Ефимов в первый раз улыбнулся.
— Ишь обрадовался! — Потом строго поглядел в глаза: — Постой плясать. А ты, брат, не сдрейфишь, не убежишь?
— Это чтобы я, товарищ Ефимов, да убежал? Да вы вот Ивана Антипыча спросите.
Антипыч слушал разговор Аркадия с Ефимовым и думал про себя: «Не пусти его сегодня с добрыми людьми, он завтра сам убежит, а там бог один знает, что будет и к кому пристанет. Голова-то у парня горячая. А Ефимов — человек серьезный. А потом и кем берут — ординарцем. Все-таки не на фронт».
— Ну а твое мнение? — обратился Ефимов к Антипычу. — Как, не струсит?
— Что верно, то верно. Парень он не из трусливых — прямо заявляю. Только…
— Что только?
— Да вы не сомневайтесь, товарищ Ефимов, — заторопился Аркадий, боясь, что тот начнет отговаривать. — Это вам и товарищ Чувырин скажет, военный комиссар — он меня знает. Вот у меня и удостоверение есть, что военному делу обучен.

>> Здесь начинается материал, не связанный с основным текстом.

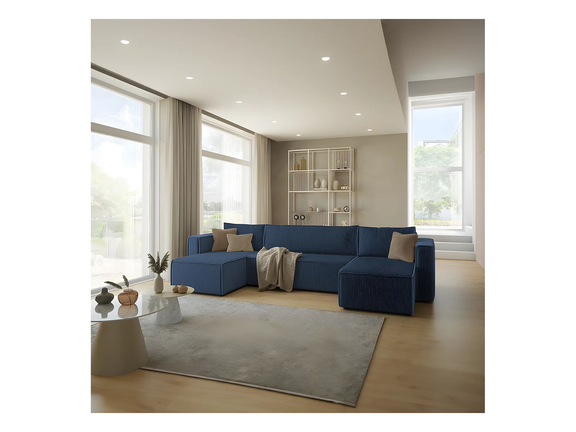 Canapé U 5 places convertible coffre Ezekiel velours côtelé Bleu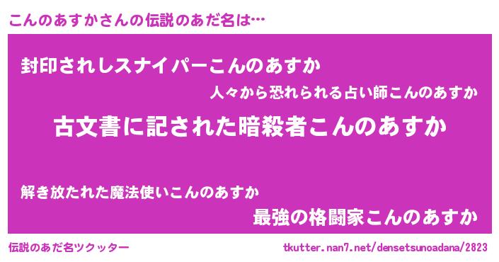| 意味不明あだ名 | 『自称こんのあすか』 |

— Ну ладно, решено, сказал Ефимов — Пойдешь к Назарову. Знаешь его? Вот и отлично! Получишь обмундирование и пусть на довольствие поставит. Жить будешь со мной. В третьем вагоне.
— Есть товарищ командующий, получить обмундирование, — лихо козырнув, повторил Аркадий.
— Ну давай, адъютант, действуй. Скоро в путь-дорогу.
Так Аркадий стал адъютантом Ефимова, а его приятеля Федю Субботина зачислили в отряд бойцом.
В самый канун 1919 года Ефимов отправился в Москву. С ним адъютант Аркадий Голиков.
Прощай, Арзамас! Прощайте, мама, сестры, дом на Новоплотинной, пруд, на котором велись «морские сражения», клуб на Сальниковой! Прощайте все хорошие люди, боевая дружина!
Детство окончилось.
Но хорошая жизнь только начинается.
…В купе вошел товарищ Ефимов. Аркадий вытянулся в струнку.
— Сиди, адъютант, — добродушно усмехнулся Ефимов. — Небось, горько расставаться с родным домом. Грустно?
— Грустно, — признался Аркадий.
Ефимов вздохнул.
— Правильно сказал, что грустно. Ну ничего, герой, не хмурься. Все будет хорошо, и впереди — хорошая жизнь.
— Все будет хорошо, — согласился Аркадий.
Ефимов улыбнулся.
— Ну, что ж, адъютант, мне пора. Спокойной ночи!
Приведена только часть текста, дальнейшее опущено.